▸ Data provided

== Segment start ==

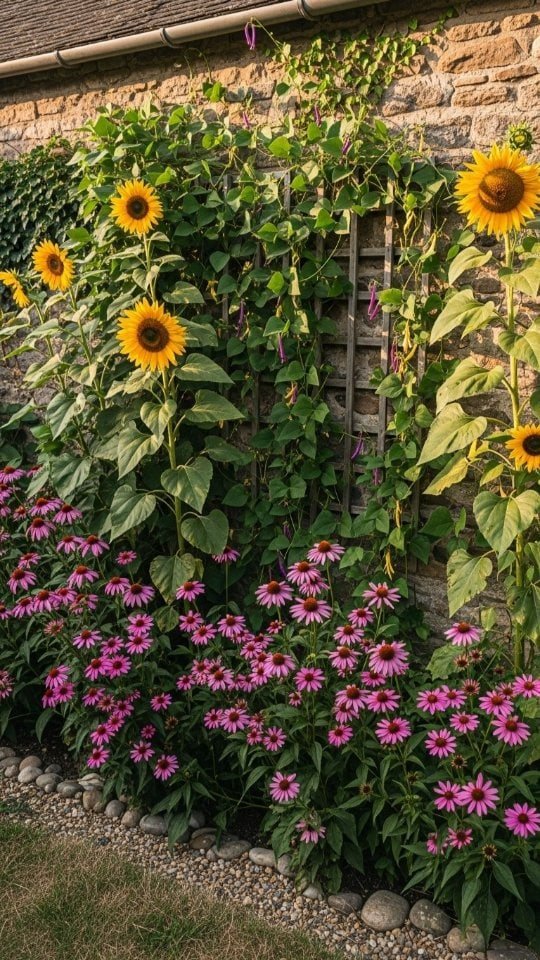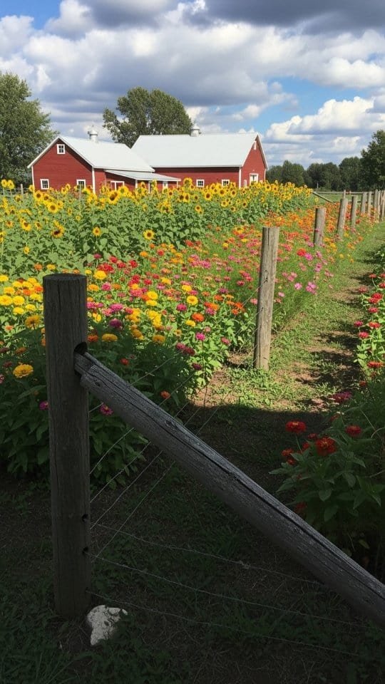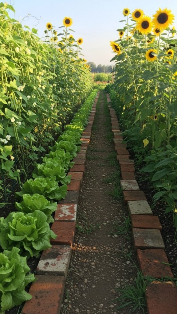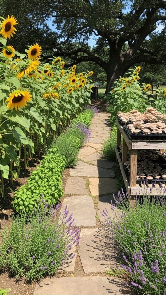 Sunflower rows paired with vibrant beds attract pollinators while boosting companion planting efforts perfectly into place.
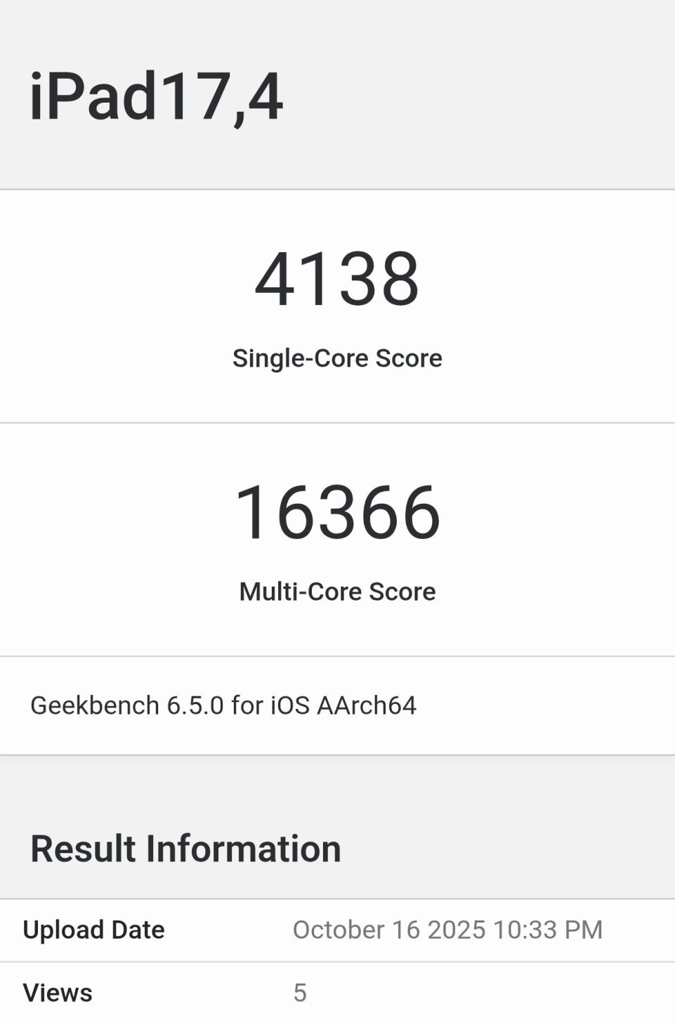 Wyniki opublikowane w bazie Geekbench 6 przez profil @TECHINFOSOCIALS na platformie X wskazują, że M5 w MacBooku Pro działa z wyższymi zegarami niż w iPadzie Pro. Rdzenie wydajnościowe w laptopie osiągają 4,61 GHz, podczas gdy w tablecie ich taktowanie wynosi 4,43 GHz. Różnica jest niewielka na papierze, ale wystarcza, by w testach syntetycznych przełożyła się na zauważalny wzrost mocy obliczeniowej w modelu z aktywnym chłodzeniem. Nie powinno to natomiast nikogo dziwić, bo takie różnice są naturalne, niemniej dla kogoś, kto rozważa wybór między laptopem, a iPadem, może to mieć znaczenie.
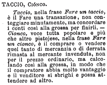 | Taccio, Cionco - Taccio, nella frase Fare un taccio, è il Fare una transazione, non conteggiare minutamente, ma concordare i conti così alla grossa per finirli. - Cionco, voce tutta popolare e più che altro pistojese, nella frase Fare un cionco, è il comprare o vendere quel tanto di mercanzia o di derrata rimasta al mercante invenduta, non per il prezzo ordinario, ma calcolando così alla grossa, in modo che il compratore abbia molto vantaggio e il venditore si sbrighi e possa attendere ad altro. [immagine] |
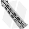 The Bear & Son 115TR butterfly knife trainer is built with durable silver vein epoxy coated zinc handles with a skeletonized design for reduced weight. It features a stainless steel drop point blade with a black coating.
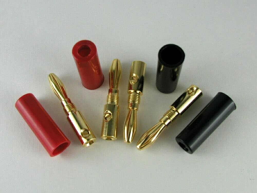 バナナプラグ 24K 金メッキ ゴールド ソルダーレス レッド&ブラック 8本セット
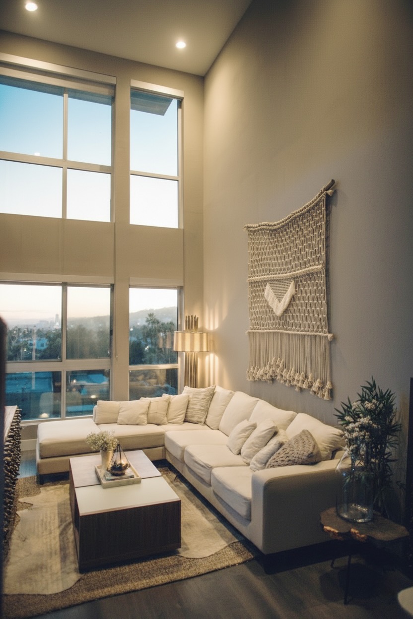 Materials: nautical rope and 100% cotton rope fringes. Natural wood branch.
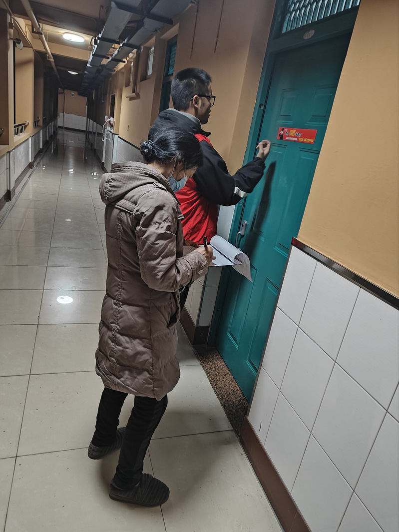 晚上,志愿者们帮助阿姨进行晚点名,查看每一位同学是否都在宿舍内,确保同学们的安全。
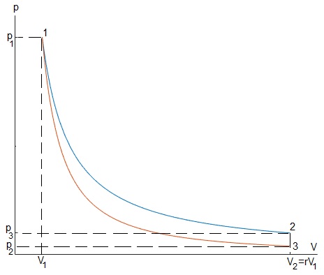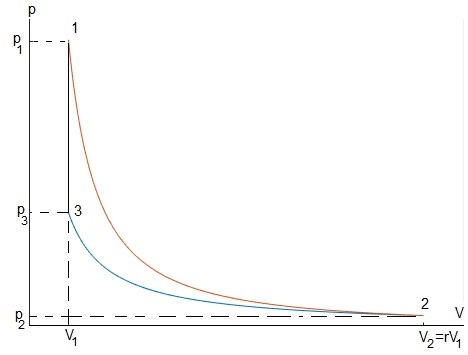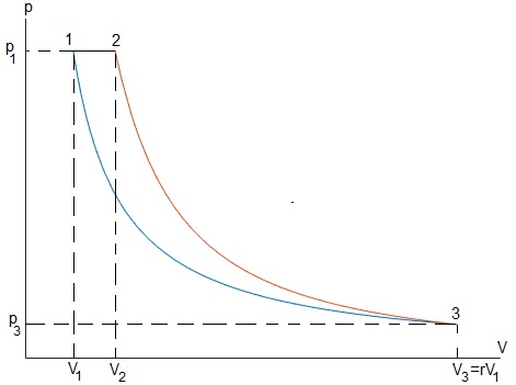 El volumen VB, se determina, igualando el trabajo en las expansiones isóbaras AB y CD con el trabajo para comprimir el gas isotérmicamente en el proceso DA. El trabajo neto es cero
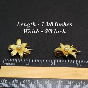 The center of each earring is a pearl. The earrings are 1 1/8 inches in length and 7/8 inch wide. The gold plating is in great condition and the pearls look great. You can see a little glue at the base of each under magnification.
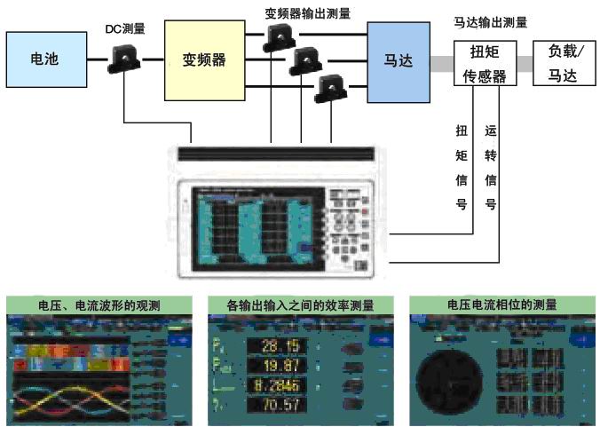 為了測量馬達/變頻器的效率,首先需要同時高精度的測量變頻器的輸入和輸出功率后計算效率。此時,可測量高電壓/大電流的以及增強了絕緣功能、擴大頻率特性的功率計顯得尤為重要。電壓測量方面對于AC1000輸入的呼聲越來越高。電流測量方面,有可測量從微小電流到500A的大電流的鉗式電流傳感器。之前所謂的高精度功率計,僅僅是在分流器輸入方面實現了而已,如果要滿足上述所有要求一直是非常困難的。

== Segment end ==
== Segment start ==

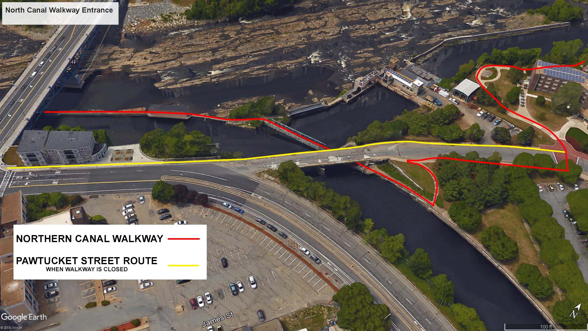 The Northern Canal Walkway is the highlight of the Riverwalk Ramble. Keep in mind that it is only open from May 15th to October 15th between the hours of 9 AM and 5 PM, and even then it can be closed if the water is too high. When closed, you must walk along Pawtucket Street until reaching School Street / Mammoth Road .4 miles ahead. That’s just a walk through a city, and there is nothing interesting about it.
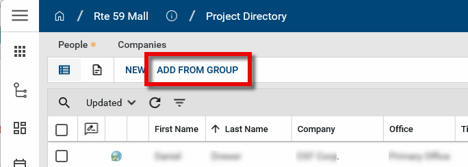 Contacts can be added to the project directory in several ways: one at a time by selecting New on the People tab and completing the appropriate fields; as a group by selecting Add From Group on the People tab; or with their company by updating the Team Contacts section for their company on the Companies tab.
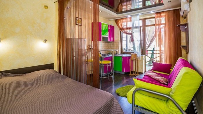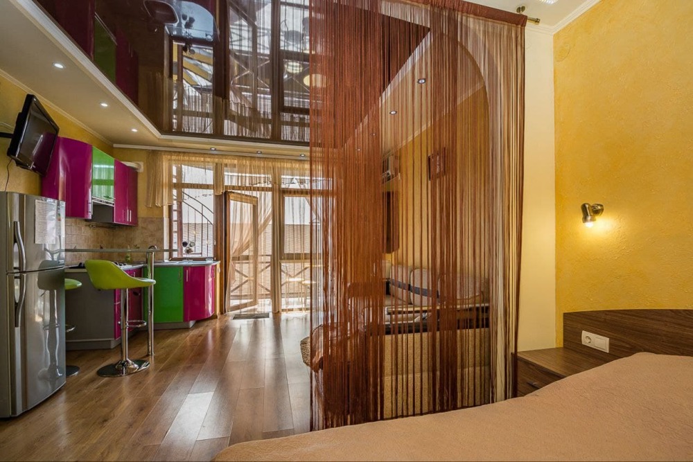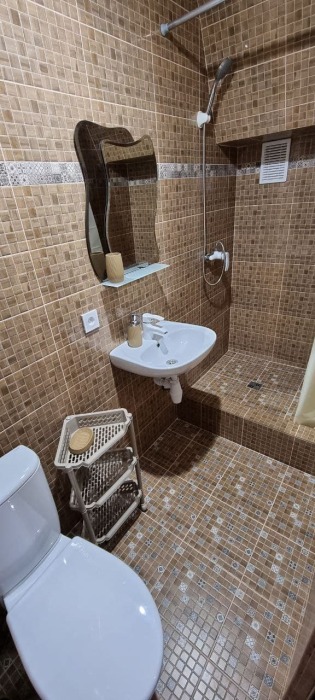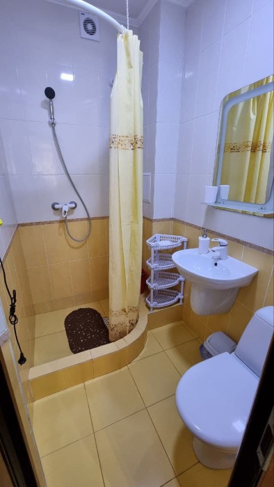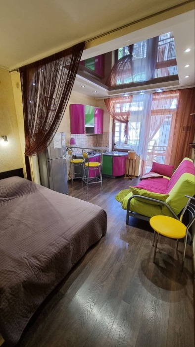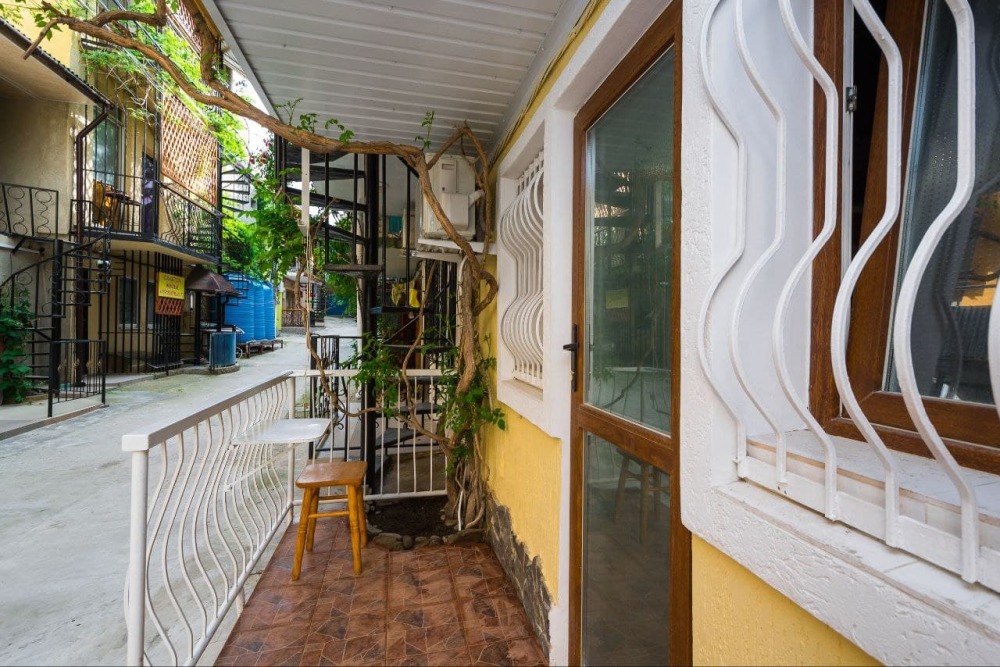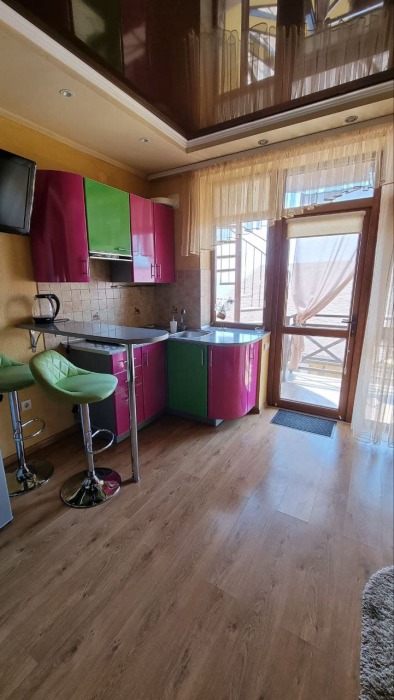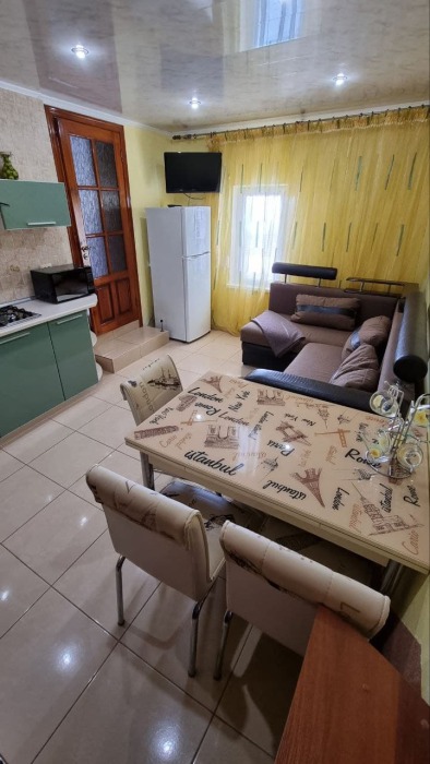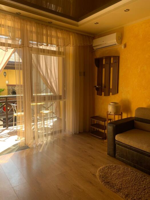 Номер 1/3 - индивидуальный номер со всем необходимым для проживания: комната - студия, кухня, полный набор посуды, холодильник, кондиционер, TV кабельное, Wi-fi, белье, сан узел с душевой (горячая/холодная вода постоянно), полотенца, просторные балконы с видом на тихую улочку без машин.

== Segment end ==

▸ Action item
Above are some entries; copy exactly the lines from the line with "Contacts can be" through the line with "Номер 1/3 - индивидуальный", both included, but none of the pictures.

▸ Response to the task
 Contacts can be added to the project directory in several ways: one at a time by selecting New on the People tab and completing the appropriate fields; as a group by selecting Add From Group on the People tab; or with their company by updating the Team Contacts section for their company on the Companies tab.
 Номер 1/3 - индивидуальный номер со всем необходимым для проживания: комната - студия, кухня, полный набор посуды, холодильник, кондиционер, TV кабельное, Wi-fi, белье, сан узел с душевой (горячая/холодная вода постоянно), полотенца, просторные балконы с видом на тихую улочку без машин.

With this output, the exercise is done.